The Fish Molecular Genetics and Biotechnology Laboratory, Department of Fisheries and Allied Aquacultures and Program of Cell and Molecular Biosciences, Aquatic Genomics Unit, Auburn University, Auburn, AL 36849, USA.
BMC Genomics. 2011 Jan 21;12:53. doi: 10.1186/1471-2164-12-53.
Single nucleotide polymorphisms (SNPs) have become the marker of choice for genome-wide association studies. In order to provide the best genome coverage for the analysis of performance and production traits, a large number of relatively evenly distributed SNPs are needed. Gene-associated SNPs may fulfill these requirements of large numbers and genome wide distribution. In addition, gene-associated SNPs could themselves be causative SNPs for traits. The objective of this project was to identify large numbers of gene-associated SNPs using high-throughput next generation sequencing.

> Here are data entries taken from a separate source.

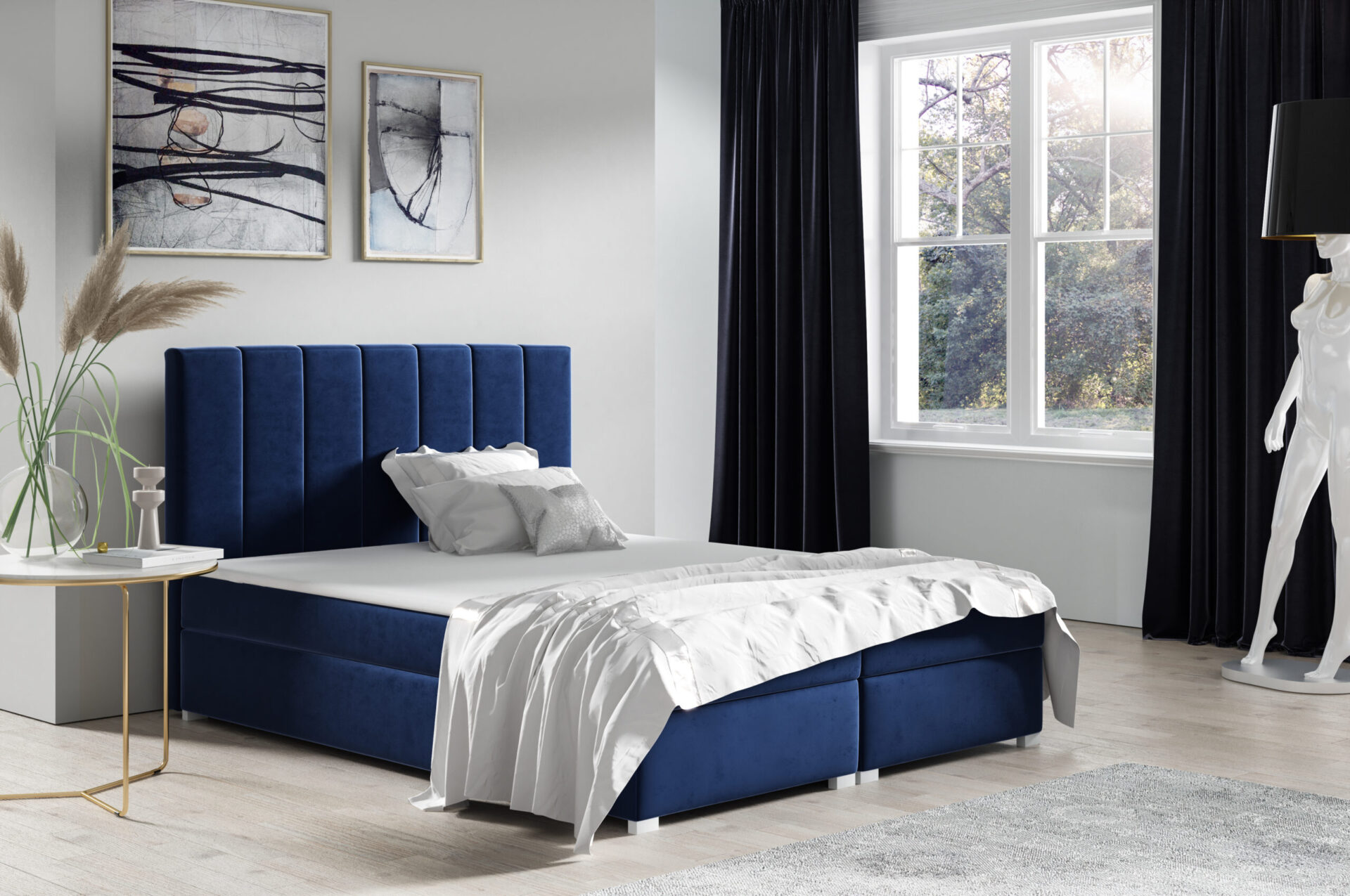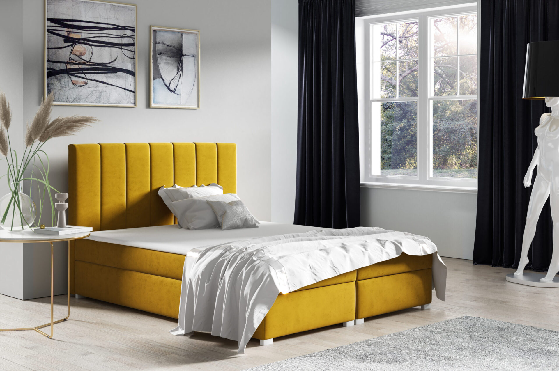 Kontinentales Bett BILLY ist eine Hommage an diejenigen, die ihr Schlafzimmer mit eleganten und gleichzeitig außergewöhnlich komfortablen Lösungen ausstatten wollen. Das hohe Kopfteil mit vertikalen Nähten sowie die Polsterung aus stilvollem Stoff erhöhen die optische Attraktivität des Möbels erheblich. Das Bett wird standardmäßig mit einer sehr hochwertigen Matratze mit Bonellfedern geliefert.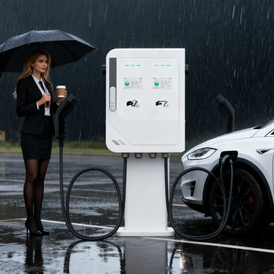 สถานีชาร์จรถยนต์ไฟฟ้าพลังงานแสงอาทิตย์แบบติดตั้งบนพื้น รองรับหัวชาร์จ CCS1 และ CCS2 ชาร์จเร็ว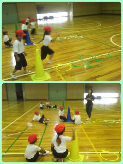 1年生は体育で、ハードル越え、コーン回り、ケンケンパなどをしながらリレーをしました。チームに声援も送りながら、最後まで全力でかけぬけました。少しずつ体力もついていくといいですね。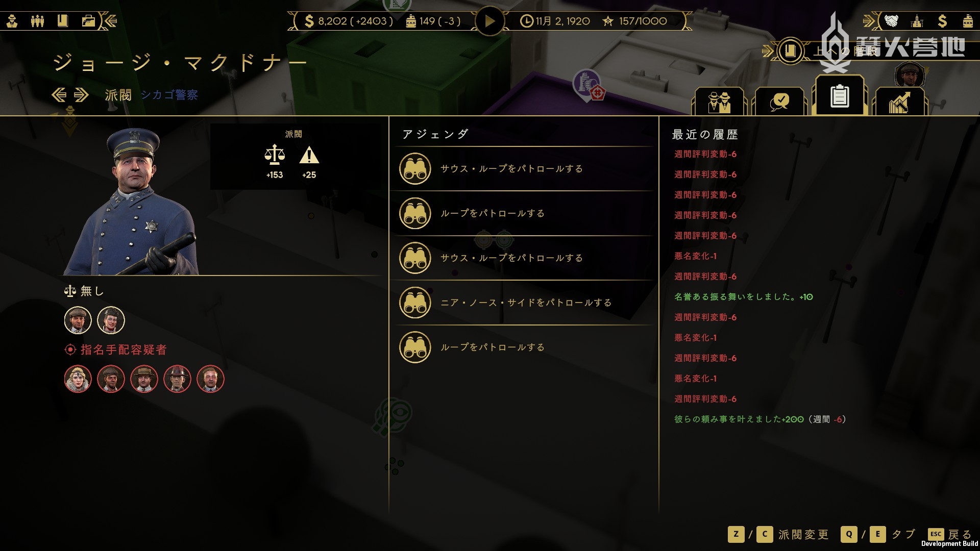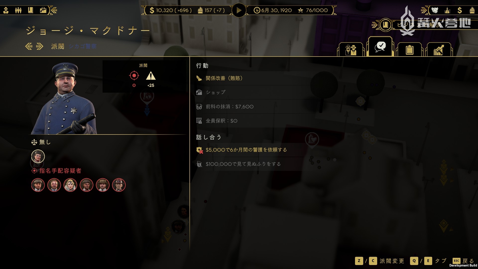 与对手同样的,还需要考虑与芝加哥警察的关系。与警察的关系恶化后,店铺被搜捕(强制搜查)的几率会大幅提高,在城内的战斗也更容易受到攻击。相反,与警察建立良好的关系,可以委托店铺的防卫,或是倒卖部分装备。与警察的关系较差时,可以通过告发其他黑帮、或是贿赂来改善关系。

Transcriptome sequencing was conducted for channel catfish and blue catfish using Illumina next generation sequencing technology. Approximately 220 million reads (15.6 Gb) for channel catfish and 280 million reads (19.6 Gb) for blue catfish were obtained by sequencing gene transcripts derived from various tissues of multiple individuals from a diverse genetic background. A total of over 35 billion base pairs of expressed short read sequences were generated. Over two million putative SNPs were identified from channel catfish and almost 2.5 million putative SNPs were identified from blue catfish. Of these putative SNPs, a set of filtered SNPs were identified including 342,104 intra-specific SNPs for channel catfish, 366,269 intra-specific SNPs for blue catfish, and 420,727 inter-specific SNPs between channel catfish and blue catfish. These filtered SNPs are distributed within 16,562 unique genes in channel catfish and 17,423 unique genes in blue catfish.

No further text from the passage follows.